After trimming jobs throughout the year, Madison Avenue is bracing for even bigger layoffs in 2009.

Ad executives and recruiters expect agencies, which have been cutting in dribs and drabs, to hand out a flurry of pink slips early next year as the ad downturn worsens.

The talk in industry circles is that the major agency holding companies – Interpublic, Omnicom and WPP – are planning deeper cuts to ring in the New Year.

“Close to 50 percent of agencies are owned by holding companies,” said Joanne Davis, a longtime ad-industry consultant. “The public markets are putting pressure on these companies to perform.”
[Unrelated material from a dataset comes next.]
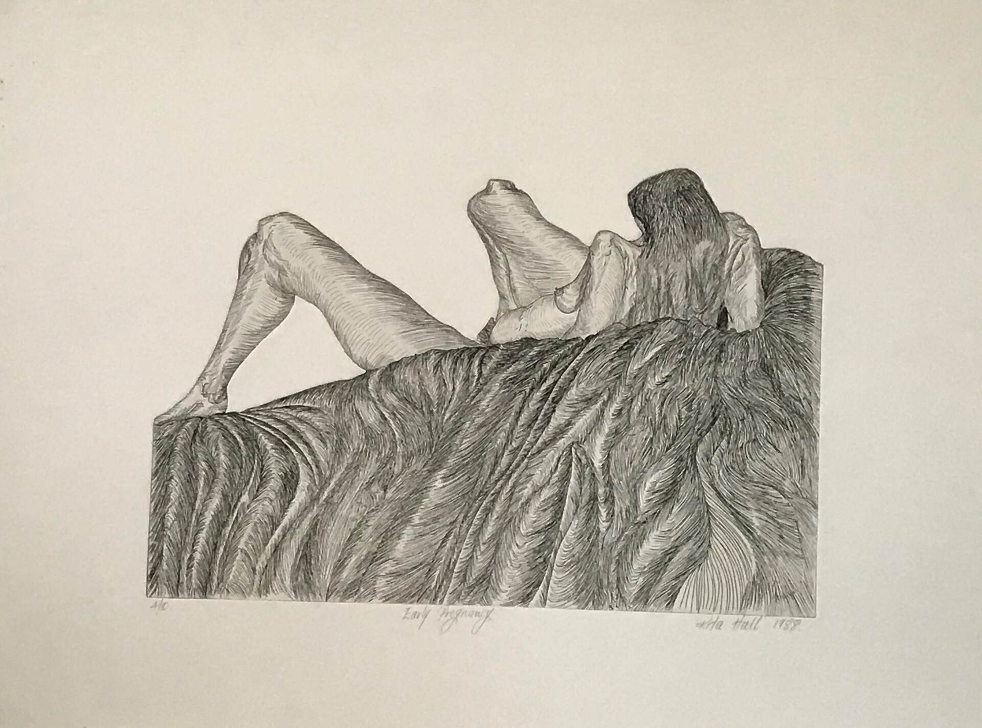 In 1988 I produced an etching exhibition of life models which were shown at Tynte Gallery, North Adelaide. Few of these prints survive now and the plates were destroyed when the editions were completed.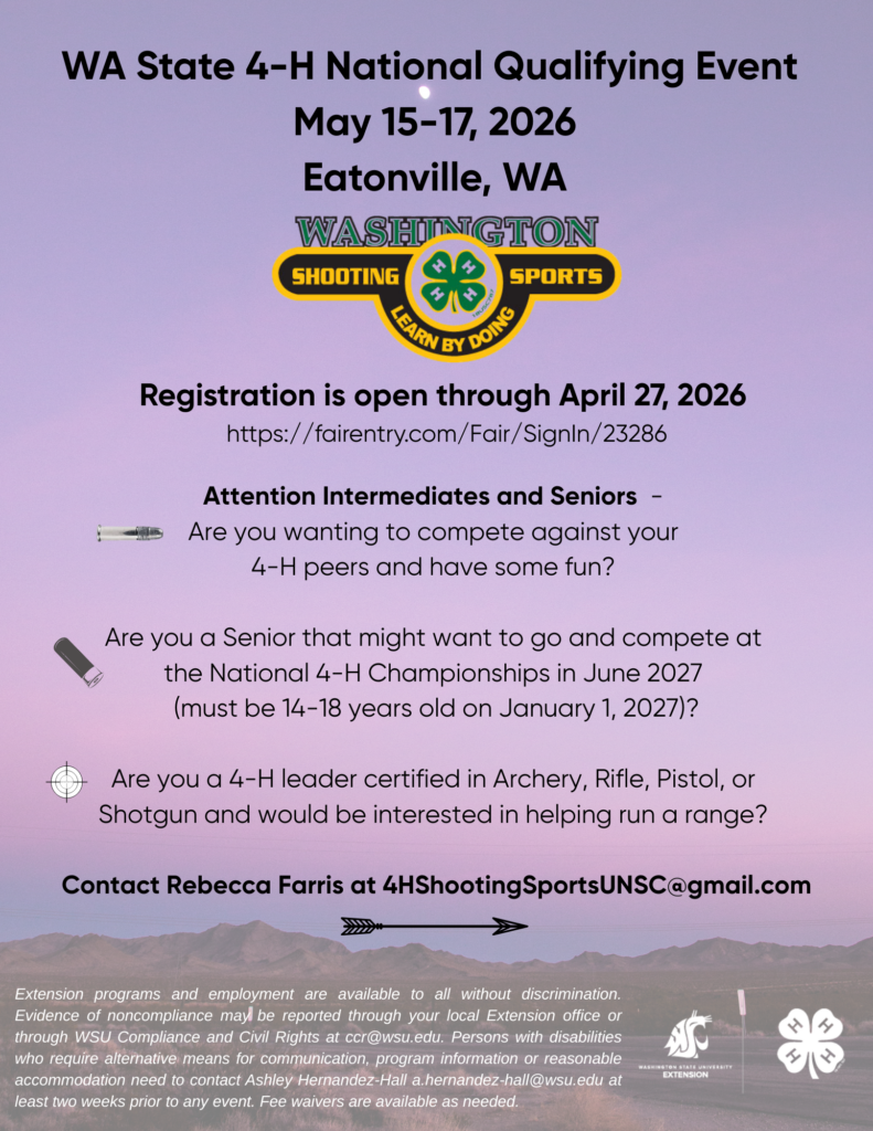 4-H of the Upper Nisqually is hosting the Washington State 4-H National Qualifying Event in Eatonville, WA May 15-17, 2026 for Intermediates and Seniors. Registration is through Fair Entry at https://fairentry.com/Fair/SignIn/23286 and you must use your 4-H Online profile to sign in. The general synopsis and guidelines are all linked on the home page. Registration for smallbore rifle, air rifle, smallbore pistol, air pistol, muzzleloading, compound and recurve archery is $100. Shotgun is #125. Dry camping is available on site for $40 per family for the weekend. The information for ordering event clothing I also listed on the home page.

WPP agencies are bracing for cuts across the board in January after CEO Martin Sorrell acquired UK research firm Taylor Nelson Sofres, sources said.

The $2 billion deal raised concerns about WPP’s debt load just as the ad downturn hit. WPP owns creative shop JWT, media-buying firm Mindshare and direct marketer Wunderman.

At the same time, Interpublic is bracing for things to get even worse for the auto business. Interpublic agencies Campbell-Ewald, McCann Erickson and Deutsch all have a piece of the General Motors account.

Interpublic is mulling layoffs in the event GM slashes its ad spending even further or reduces its stable of car brands. Interpublic agencies employ an estimated 900 people in Detroit with ties to the auto business.

“Everybody is focused on Detroit, where there will be significant cuts,” said one source close to the situation. “Anywhere that you have an agency that touches the Big 3, you are preparing for spending to be down 25 percent.”

Several Omnicom agencies, which include BBDO, DDB and TBWA, have cut jobs this year, and industry watchers expect those agencies to make additional cuts next year.

Several ad execs estimated that the big agency holding companies have cut at least 1,000 jobs this year. Agencies usually try to keep layoffs under wraps to avoid appearing weak to clients, making it tough to get a total tally.

ZenithOptimedia, part of ad firm Publicis, predicts ad spending in North America will fall 5.7 percent in 2009, down from an earlier forecast of 0.9 percent growth just two months ago.

The last two ad recessions in the early 1990s and then again a decade later during the dot-com bust led to the loss of thousands of agency jobs, many of them in the high-flying ad center of New York.

“My phone usually rings off the wall the beginning of the year, but there isn’t going to be any hiring,” said veteran recruiter Susan Friedman. “When people quit, they are not being replaced.”